__HOW TO COMPLETE THIS TASK__
In your copy of the entries below, keep every word exactly and leave out all images.

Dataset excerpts
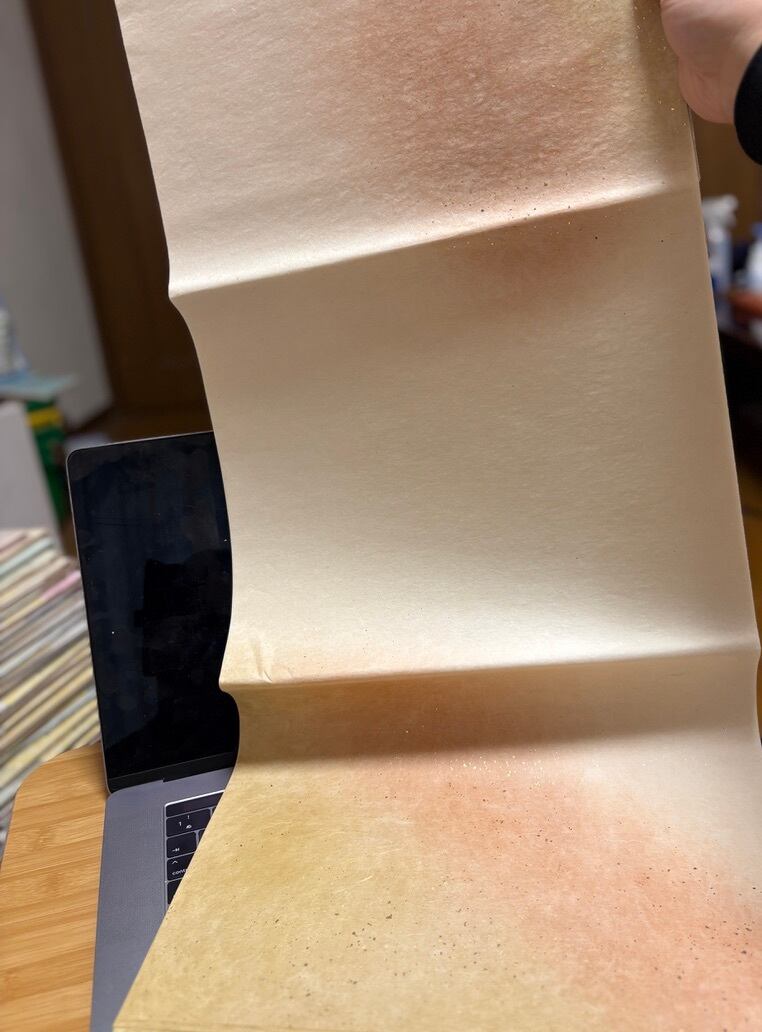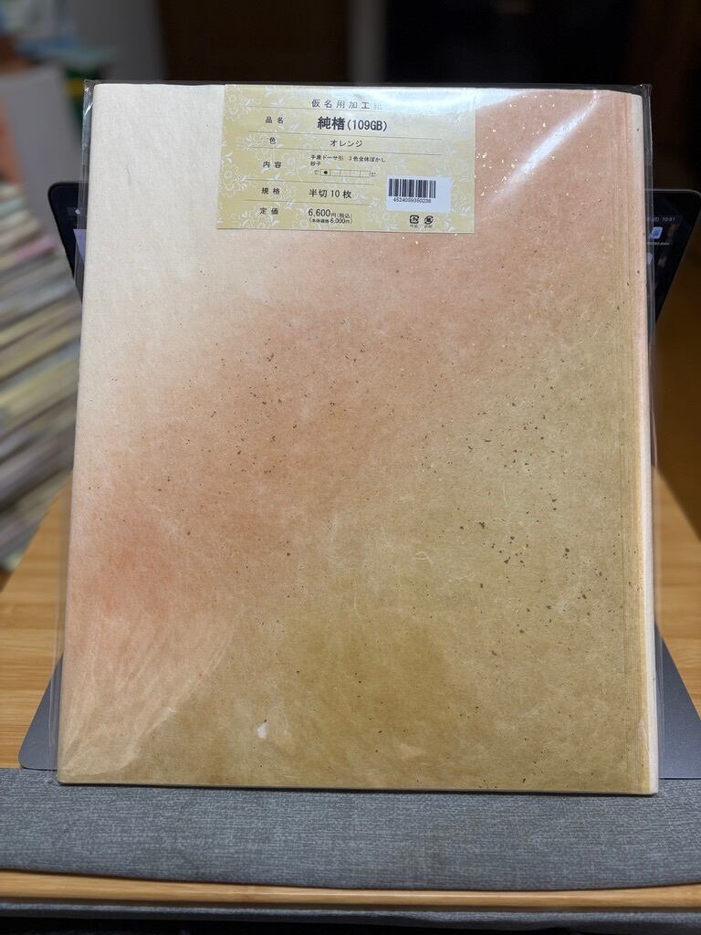 ただでさえ滲みの少ない楮の紙にドーサ引(強めな加工)なので滲みはほぼなく、ベースの色にプラス2色のぼかしが入って砂子も振ってあるそれぞれに特徴的な色合いの料紙になっています。写真で広げたものがオレンジで全部で7色ありますのでお好みのものをお選びください。
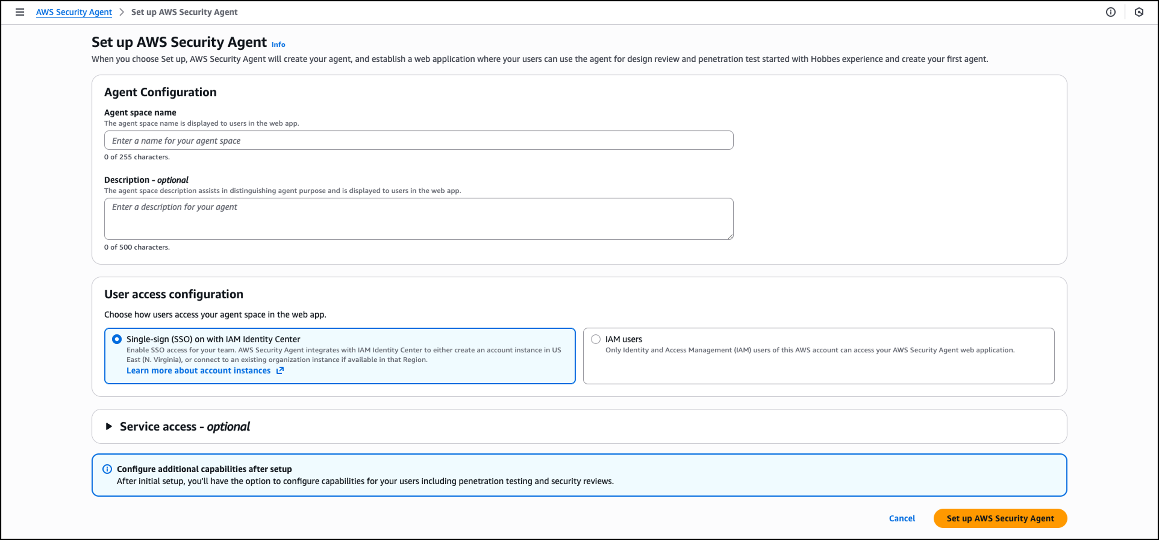 Während des Einrichtungsprozesses bietet AWS Security Agent zwei Optionen für die Verwaltung des Benutzerzugriffs auf die Security Agent Webapplikation: Single Sign-On (SSO) über IAM Identity Center, das teamweiten SSO-Zugriff durch Integration mit AWS IAM Identity Center ermöglicht, oder IAM-Benutzer, das nur AWS Identity and Access Management (IAM)-Benutzern dieses AWS-Kontos ermöglicht, direkt über die Konsole auf die Security Agent Webapplikation zuzugreifen. Letzeres ist am besten für schnelle Einrichtung oder Zugriff ohne SSO-Konfiguration geeignet. Wenn Sie die SSO-Option wählen, erstellt AWS Security Agent eine IAM Identity Center-Instanz, um zentralisierte Authentifizierung und Benutzerverwaltung für AppSec-Teammitglieder bereitzustellen, die über die Security Agent Webapplikation auf Entwurf-Überprüfungen, Code-Überprüfungen und Penetrationstest-Funktionen zugreifen.
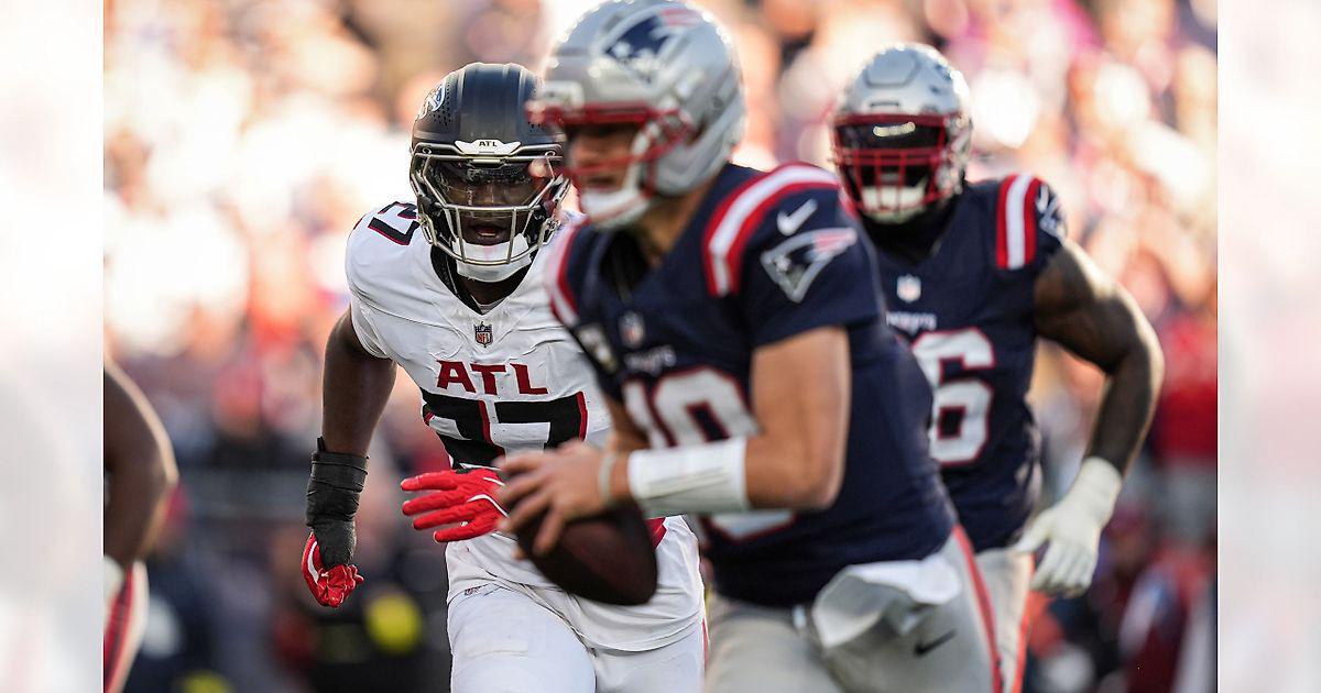 Кайл Питтс и Дрейк Лондон были рабочими лошадками для своего квотербека. Усилиями своих принимающих Майкл Пеникс тянул «Фэлконс» вперед. Дрейк Лондон сравнял счет в матче. Звездный принимающий «Атланты» по своему обыкновению был главной угрозой для защиты хозяев «Фоксборо». Ценности ресиверу прибавляло и то, что выносная игра в лице Бижана Робинсона многого «Атланте» не приносила. Оборона «Нью-Ингленда» обрубала чаяния раннинбека на успешную игру в корне.
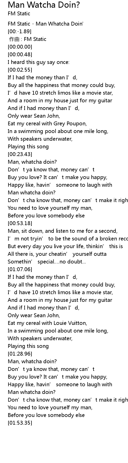 | [00:-2.12] | FM Static - Man Whatcha Doin' |
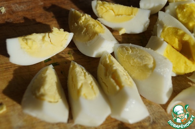 Перепелиные яйца отварить, очистить и нарезать на 4 части.
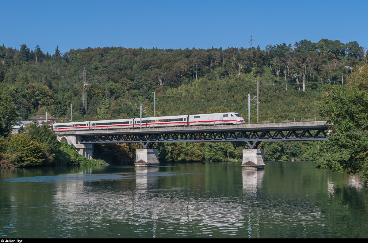 Ein ICE 1 nach Zürich HB überquert am 24. September 2016 kurz nach der Ausfahrt aus dem Hauenstein-Basistunnel die Aare.
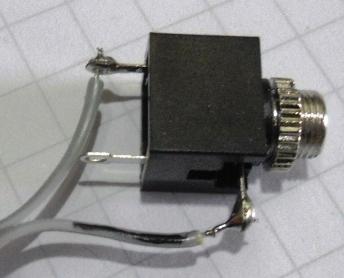 2d. Soldar extensão de cabinho duplo de flat cable (cerca de 15cm) na saida marcada "FONES" da placa para um conector P2 jack banana femea miniatura mono (não fornecido no kit).

__OUTPUT OF THE TASK__
 ただでさえ滲みの少ない楮の紙にドーサ引(強めな加工)なので滲みはほぼなく、ベースの色にプラス2色のぼかしが入って砂子も振ってあるそれぞれに特徴的な色合いの料紙になっています。写真で広げたものがオレンジで全部で7色ありますのでお好みのものをお選びください。
 Während des Einrichtungsprozesses bietet AWS Security Agent zwei Optionen für die Verwaltung des Benutzerzugriffs auf die Security Agent Webapplikation: Single Sign-On (SSO) über IAM Identity Center, das teamweiten SSO-Zugriff durch Integration mit AWS IAM Identity Center ermöglicht, oder IAM-Benutzer, das nur AWS Identity and Access Management (IAM)-Benutzern dieses AWS-Kontos ermöglicht, direkt über die Konsole auf die Security Agent Webapplikation zuzugreifen. Letzeres ist am besten für schnelle Einrichtung oder Zugriff ohne SSO-Konfiguration geeignet. Wenn Sie die SSO-Option wählen, erstellt AWS Security Agent eine IAM Identity Center-Instanz, um zentralisierte Authentifizierung und Benutzerverwaltung für AppSec-Teammitglieder bereitzustellen, die über die Security Agent Webapplikation auf Entwurf-Überprüfungen, Code-Überprüfungen und Penetrationstest-Funktionen zugreifen.
 Кайл Питтс и Дрейк Лондон были рабочими лошадками для своего квотербека. Усилиями своих принимающих Майкл Пеникс тянул «Фэлконс» вперед. Дрейк Лондон сравнял счет в матче. Звездный принимающий «Атланты» по своему обыкновению был главной угрозой для защиты хозяев «Фоксборо». Ценности ресиверу прибавляло и то, что выносная игра в лице Бижана Робинсона многого «Атланте» не приносила. Оборона «Нью-Ингленда» обрубала чаяния раннинбека на успешную игру в корне.
 | [00:-2.12] | FM Static - Man Whatcha Doin' |
 Перепелиные яйца отварить, очистить и нарезать на 4 части.
 Ein ICE 1 nach Zürich HB überquert am 24. September 2016 kurz nach der Ausfahrt aus dem Hauenstein-Basistunnel die Aare.
 2d. Soldar extensão de cabinho duplo de flat cable (cerca de 15cm) na saida marcada "FONES" da placa para um conector P2 jack banana femea miniatura mono (não fornecido no kit).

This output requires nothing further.